- Your task
Your answer should be the full data, transcribed exactly, with no pictures in it.

- Material provided
***
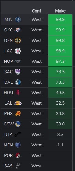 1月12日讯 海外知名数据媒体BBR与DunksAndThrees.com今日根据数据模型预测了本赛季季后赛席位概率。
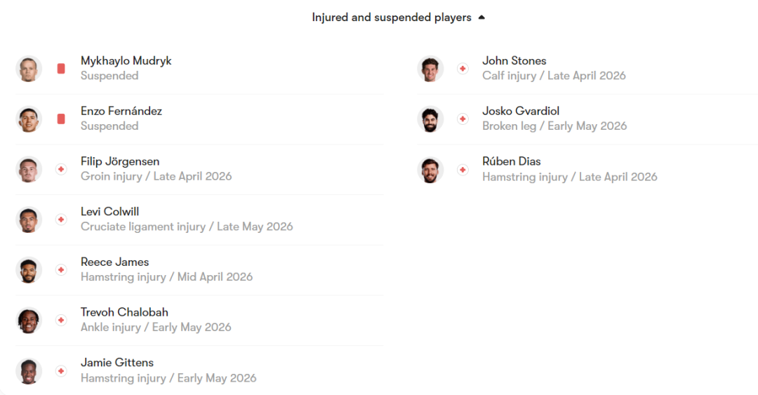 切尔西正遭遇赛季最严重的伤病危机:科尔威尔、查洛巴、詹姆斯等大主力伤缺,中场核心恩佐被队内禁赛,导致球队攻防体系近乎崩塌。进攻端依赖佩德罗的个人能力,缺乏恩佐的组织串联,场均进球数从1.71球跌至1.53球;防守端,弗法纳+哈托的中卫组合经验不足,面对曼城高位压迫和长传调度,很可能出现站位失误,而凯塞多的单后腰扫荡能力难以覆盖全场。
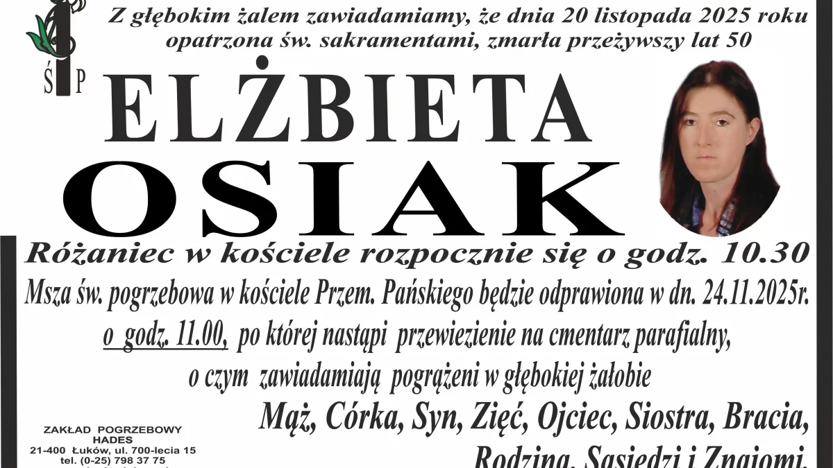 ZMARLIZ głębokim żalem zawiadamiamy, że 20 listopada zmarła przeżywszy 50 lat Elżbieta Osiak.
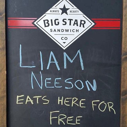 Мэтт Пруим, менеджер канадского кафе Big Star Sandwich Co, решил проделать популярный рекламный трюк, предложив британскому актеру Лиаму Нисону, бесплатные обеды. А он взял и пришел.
***
- Task solution
 1月12日讯 海外知名数据媒体BBR与DunksAndThrees.com今日根据数据模型预测了本赛季季后赛席位概率。
 切尔西正遭遇赛季最严重的伤病危机:科尔威尔、查洛巴、詹姆斯等大主力伤缺,中场核心恩佐被队内禁赛,导致球队攻防体系近乎崩塌。进攻端依赖佩德罗的个人能力,缺乏恩佐的组织串联,场均进球数从1.71球跌至1.53球;防守端,弗法纳+哈托的中卫组合经验不足,面对曼城高位压迫和长传调度,很可能出现站位失误,而凯塞多的单后腰扫荡能力难以覆盖全场。
 ZMARLIZ głębokim żalem zawiadamiamy, że 20 listopada zmarła przeżywszy 50 lat Elżbieta Osiak.
 Мэтт Пруим, менеджер канадского кафе Big Star Sandwich Co, решил проделать популярный рекламный трюк, предложив британскому актеру Лиаму Нисону, бесплатные обеды. А он взял и пришел.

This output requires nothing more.